Adjoining the chemist’s shop with its dusty windows, where specimens of the advertiser’s art showed sufferers from eczema scratching themselves furiously, a very different kind of shop attracted your attention, with its shining nickel plate and its photographs and sporting telegrams pasted on the plate glass. A machine which was the envy of all the male youth in Clochemerle occupied the place of honor in the window, a bicycle of the renowned Supéras make, and an exact counterpart, according to the catalogues, of the machines used by the most famous racing cyclists.
This shop belonged to the cycle dealer, Eugène Fadet, who was noted for the way in which he could take a flying leap on to the saddle of his bicycle, and for the supple activity of his riding which was considered to be the last word in elegance.

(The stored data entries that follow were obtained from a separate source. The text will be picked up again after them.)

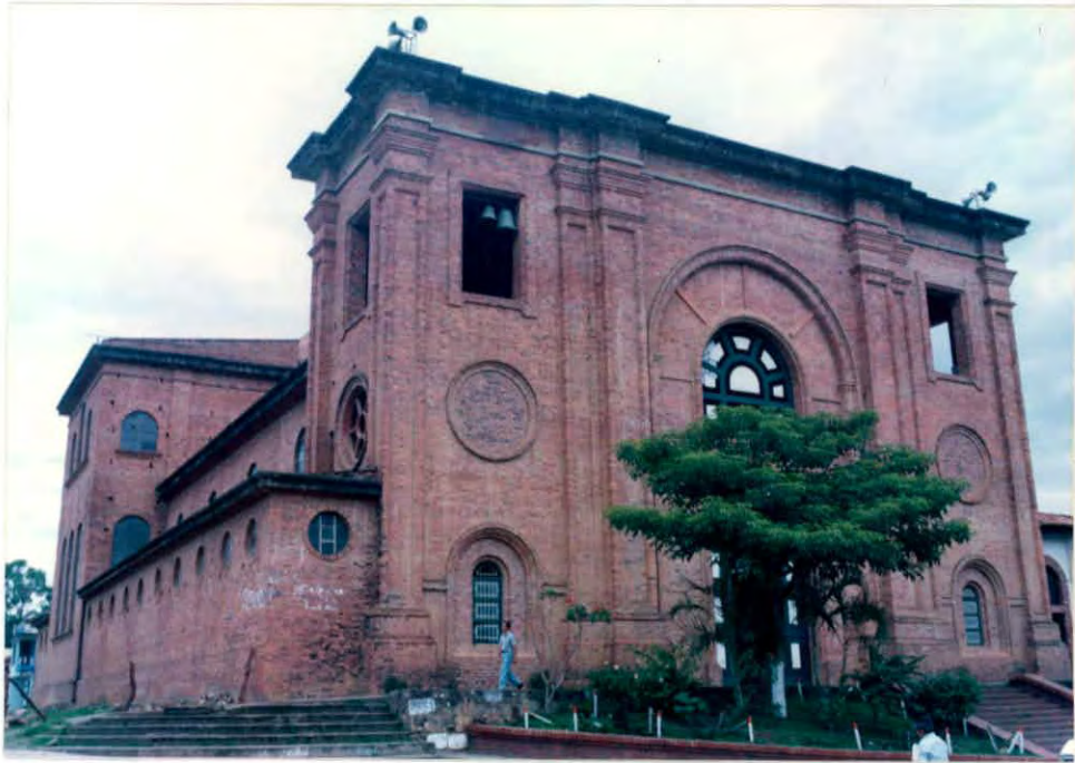
Iglesia Municipio de Puente Nacional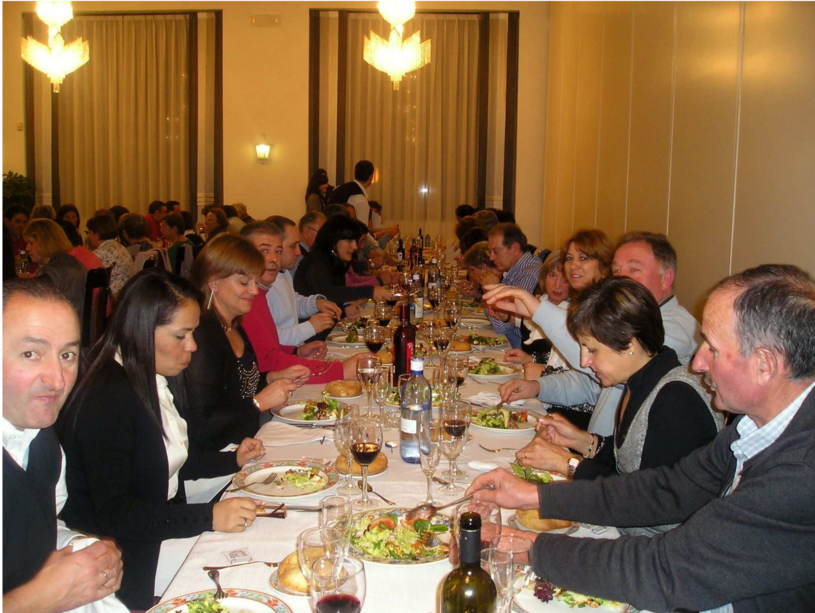
ASOCIACIONES CULTURALES DE ARENILLAS DE MUÑO: A.C. SAN ESTEBAN, BUNIEL: A.C. LOS TURMÓDIGOS, CAVIA: A.C. RIOCAVIA, MAZUELO DE MUÑO: PEÑA LOS TOMIJEROS Y QUINTANILLA SOMUÑO: A.C. GRAN KAN DE MUÑO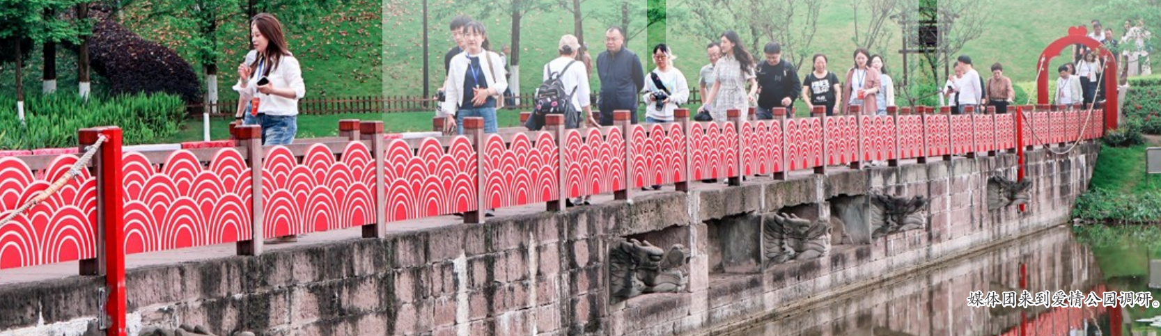
媒体团来到爱情公园调研。

Eugène had great influence among all the young lads in Clochemerle, who regarded his friendship as an honor. And this for several reasons. First, his very individual way of rumpling his cap and putting it on at a picturesque angle, of “giving himself a slant,” as he said. Then the cut of his hair at the nape of his neck, which was imitated but never successfully, the hairdresser at Clochemerle being able to bring it to such perfection only on Fadet’s head, the shape of which was specially adapted to that kind of gigolo smartness. Further, having formerly been a racing cyclist and an air mechanic, Fadet did not hesitate, in his fabulous stories which were continually being enhanced by repetition, to treat the celebrities of the racing track and of the air with a brotherly freedom of language. Chief among these stories was that of his great exploit, “the t
ime when I ran a close second to Ellegard, who was world champion at that time—I mean in 1911, at the ‘drome.” Then followed a description of the racing track, the wild enthusiasm of the gallery, and the remark made by the astonished Ellegard himself: “I had to go all out.” The youths of Clochemerle were never tired of listening to this story, which gave them visions of renown. They were always asking for it.
“Tell us, Eugène, that day you ran second to Ellegard . . . tell us about it!”
Once again he would supply thrilling details, invariably ending with some such sentence as this:
“Well, you boys, which of you is buying me a drink?”
There was always some seventeen-year-old anxious to stand well with Eugène, who managed to find the required amount somewhere in the depths of his pockets. Before closing the shop door, Fadet would shout:
“Tine, I’ve got a job to see to!”
Then he would hasten to get outside as fast as he could. Often, however, not fast enough to escape being caught by the voice of a quarrelsome peevish woman—his wife, Léontine Fadet, calling out crossly:
“Off again drinking with those boys? And what about your work?”
An old frequenter of racing tracks and airdromes, who was teaching a whole band of youth “how to keep the girls in order” (“women have got to crawl if you’re to call yourself a man!”), a personage of such distinction could not allow his prestige to be thus publicly endangered.